Which is the same as provided in this answer. Using an efficient clamp implementation:

double clamp(double v)
{
  const double t = v < 0 ? 0 : v;
  return t > 1.0 ? 1.0 : t;
}

and ensuring your value t is in [-1, 1], then jet color is simply:

double red   = clamp(1.5 - std::abs(2.0 * t - 1.0));
double green = clamp(1.5 - std::abs(2.0 * t));
double blue  = clamp(1.5 - std::abs(2.0 * t + 1.0));

As shown in the above link on implementing clamp, the compiler may optimize out branches. The compiler may also use intrinsics to set the sign bit for std::abs eliminating another branch.

"Hot-to-Cold"

A similar treatment can be used for the "hot-to-cold" color mapping. In this case the basis and color functions are:

N(t) = clamp(2 - |2t|)

r(t)=N(t-1), g(t) = N(t), b(t) = N(t+1)

And the hot-to-cold plot for [-1, 1]:

Hot-to-cold plot

OpenGL Shader Program

Eliminating explicit branches makes this approach efficient for implementing as an OpenGL shader program. GLSL provides built-in functions for both abs and clamp that operate on 3D vectors. Vectorizing the color calculation and preferring built-in functions over branching can provide significant performance gains. Below is an implementation in GLSL that returns the RGB jet color as a vec3. Note that the basis function was modified such that t must lie in [0,1] rather than the range used in the other examples.

vec3 jet(float t)
{
  return clamp(vec3(1.5) - abs(4.0 * vec3(t) + vec3(-3, -2, -1)), vec3(0), vec3(1));
}
3
votes

I'm not really sure why there are so many complex answers to this simple equation. Based on the MatLab JET Hot-to-Cold color map chart and graph plot posted above in Amro's comment (thank you), the logic is very simple to calculate the RGB values using high-speed/basic math.

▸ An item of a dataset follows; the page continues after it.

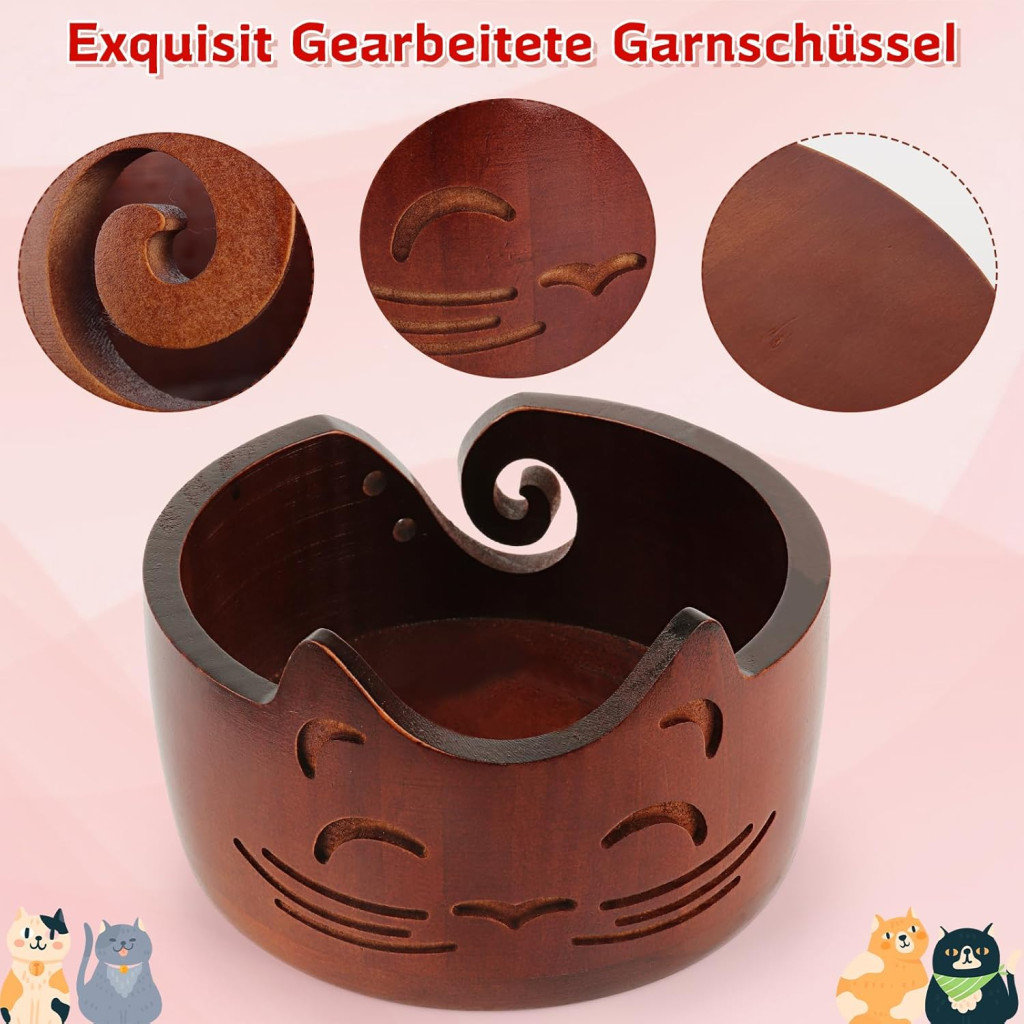 Coopay Macska Alakú Fonalcsipke - Fa Fonaltartó Tál Kötéshez és Horgoláshoz

I use the following function for live-rendering normalized data to display spectrograms and it's incredibly fast and efficient with no complex math outside double precision multiplication and division, simplified by ternary logic chaining. This code is C# but very easily ported to almost any other language (sorry PHP programmers, you're out of luck thanks to abnormal ternary chain order).

public byte[] GetMatlabRgb(double ordinal)
{
    byte[] triplet = new byte[3];
    triplet[0] = (ordinal < 0.0)  ? (byte)0 : (ordinal >= 0.5)  ? (byte)255 : (byte)(ordinal / 0.5 * 255);
    triplet[1] = (ordinal < -0.5) ? (byte)((ordinal + 1) / 0.5 * 255) : (ordinal > 0.5) ? (byte)(255 - ((ordinal - 0.5) / 0.5 * 255)) : (byte)255;
    triplet[2] = (ordinal > 0.0)  ? (byte)0 : (ordinal <= -0.5) ? (byte)255 : (byte)(ordinal * -1.0 / 0.5 * 255);
    return triplet;
}

The function takes an ordinal range from -1.0 to 1.0 per the JET color specification, though this function does no sanity checking if you're outside that range (I do that before my call here).

So make sure you do sanity/bounds checking prior to calling this function or simply add your own limiting to cap the value when you implement it yourself.

This implementation does not take luminosity into consideration so may not be considered a purist implementation but gets you in the ballpark fairly well and is much faster.

1
votes

Seems like you have hue values of an HSL system and the saturation and lightness are implicit. Search for HSL to RGB conversion on the internet and you will find a lot of explanations, code etc. (Here is one link)

In your particular case, though, let's assume you are defaulting all color saturations to 1 and lightness to 0.5. Here is the formula you can use to get the RGB values:

Imagine for every pixel, you have h the value you read from your data.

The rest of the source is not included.